Strains and thrills of immigrant life
Life has had its pitfalls and Himalayan peaks for Rukhsana Hasib, now an expatriate entrepreneur in the US. She is in Dhaka now after 36 years, with the NRB cultural group. Rukhsana's life, since her college days to now as an active member of a cultural group in the US has had tragic moments as well as fun-filled exciting ones.
She was selected as a newscaster for TV before the Liberation War. Rukhsana says, on one occasion in 1969 -- when she was a student of Holy Cross College, she was overwhelmed and not in a mood at the outset for her duty as an announcer for TV. “It was late at night, and I was tired,” says Rukhsana. However, the programme manager, Mustafa Monowar, gave her a “7-Up” and a “roshogolla” and she overcame her stage fright in a jiffy. This for Rukshana remains a memorable moment. In her four years in TV, her experiences had always been full of laughter and sunshine. “The TV station in Dhaka at that time was like a family.”

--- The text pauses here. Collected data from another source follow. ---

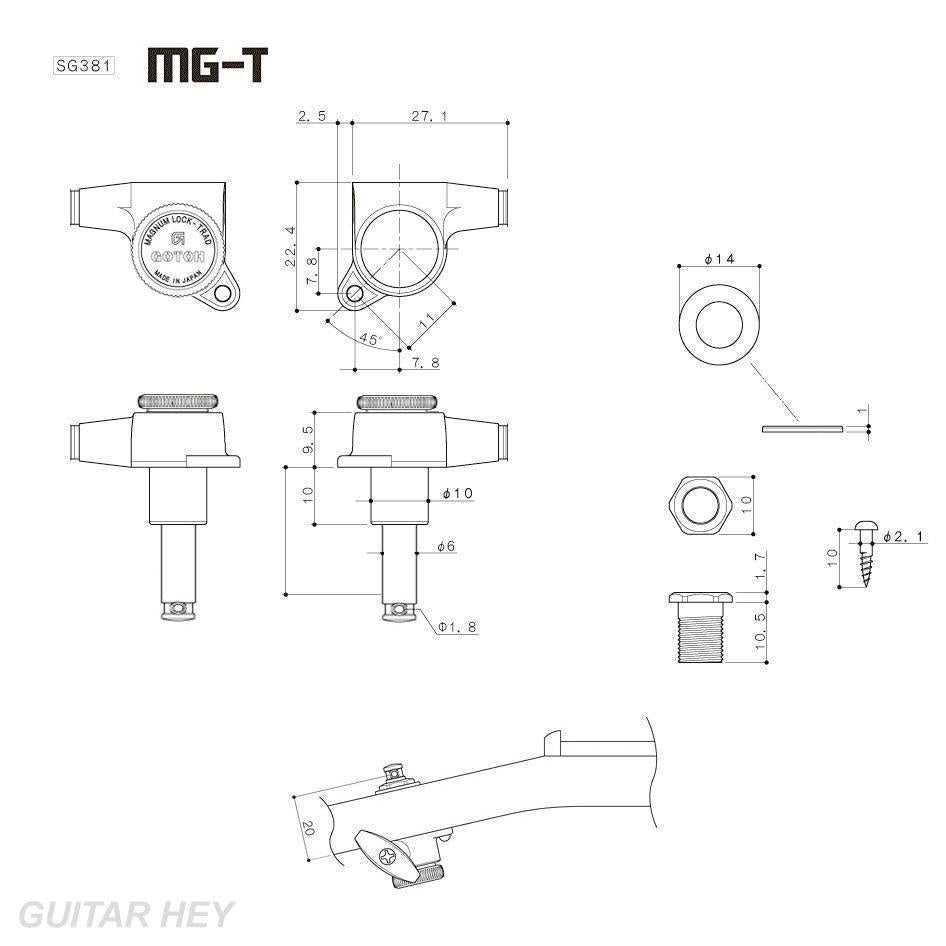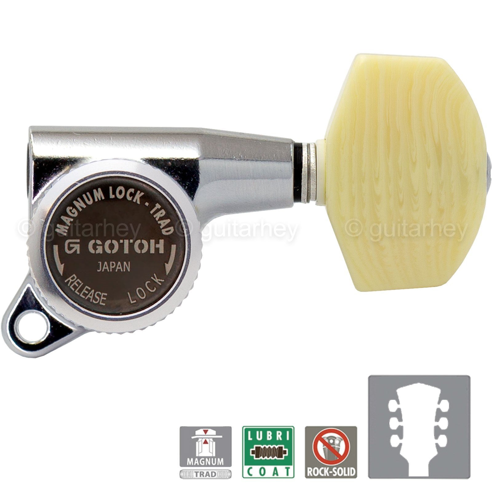 NEW Gotoh SG381-M01 MGT Locking Tuners L3+R3 LARGE IVORY Buttons 3x3 - CHROME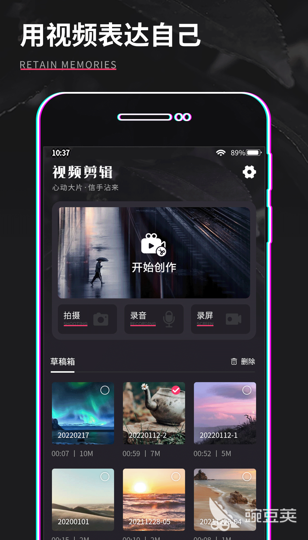 用视频记录你的生活,表达你的感受。制作Kadian 视频的步骤很简单。还可以裁剪和编辑照片或视频,为创作者带来有趣的视频编辑方法,让他们学习视频制作。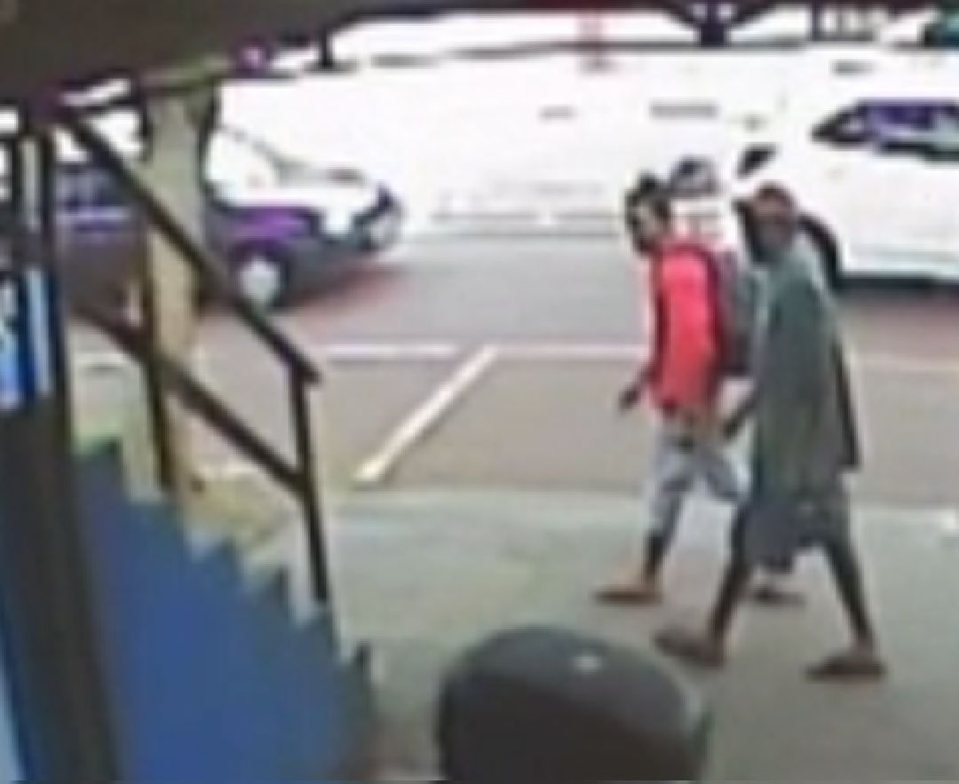 As imagens mostram dois homens passando em frente ao estabelecimento e observando a moto, uma Honda CG 125 Fan preta, ano 2011, de placa AUB3D08. Pouco depois, um deles retorna sozinho, se aproxima do veículo e o leva.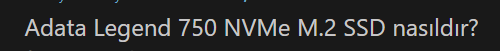 Adata Legend 750 NVMe M.2 SSD nasıldır? Ben bunu Asus Z97 Pro Gamer anakartımda kullanmayı düşünüyorum. Anakartımdaki M.2 yuvası yüksek hızları desteklemiyor, SATA kadar düşük hızlarda olmasa da onun biraz daha üstündeki hızlara çıkabiliyor. Ama yine de M.2 yuvası varken neden SATA SSD kullanayım ki?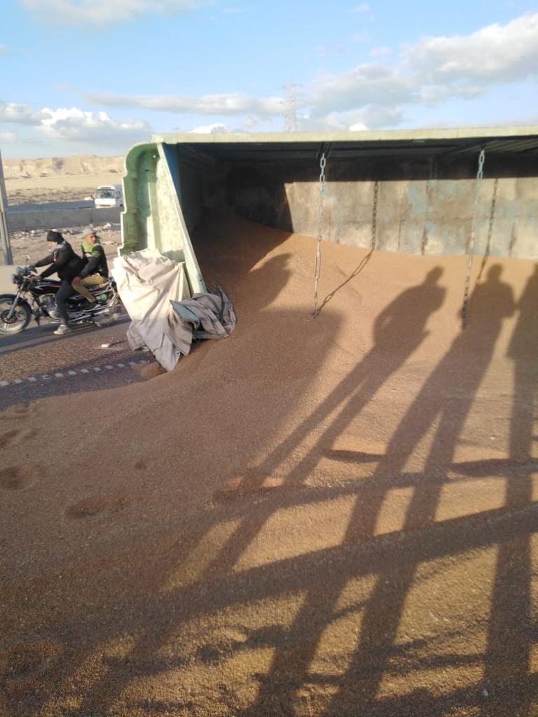 انقلاب سيارة نقل محملة بالقمح على الدائري الأوسطي | صور

Much later on in life, says Rukhsana, the birth of her two sons were naturally moments of absolute contentment and supreme satisfaction -- as childbirth is for most mothers.
As she went about her early years in the US, Rukhsana speaks of how she had to divide her limited resources between buying books for her education as an MBA student, and providing necessary nourishment, specially in the cold weather, when the snow and sleet overwhelmed her.
“I've been in Rutgers University in New Jersey, and went to work for City Bank, NA, the second largest bank in the world. Then I went into business and was also the Commissioner for Asian American Affairs in Philadelphia. Along with my profession I continued my interests in the cultural field, becoming the president -- for two terms -- of the Bangladesh Cultural Association in Pennsylvania, where I now live. I've been associated with them for 20 years,” says Rukhsana.
Rukhsana goes on to recount how, as a young international student, she had the choice of either buying a can of cheese and macaroni or a book, with only 88 cents in her pocket. “I opted for the can,” she says amidst merry chortles. “Like every immigrant in the US I struggled in the early '70s,” says Rukhsana.
The recent publication of her book -- a fiction -- also brings her a tremendous sense of achievement and gave her an ego boost, as Rukhsana indicates.
Life had its slings and arrows too. Thus, Rukhsana says that when her father, Major Hasib, was shot to death during the Liberation War by a firing squad and her sisters and mother kept in prison, she was naturally devastated.
Rukhsana, who was then newly married, was in a flood of tears, as well as in a state of jolting shock. It was her job as an English newscaster on TV, Rukhsana says, that saved her from a similar fate of savage brutality and thoughtless torture. “I and my husband left for US as a consequence,” with ten dollars in her pocket, says Rukhsana.
Today, she says that the young immigrants are “more aware of their cultural heritage in the field of drama, recitation, music, dancing and what you will.” As they are far from home, they appear not to take Bangladeshi cultural life for granted, as some of their blasé counterparts are in Dhaka, Rukhsana comments, without hesitation.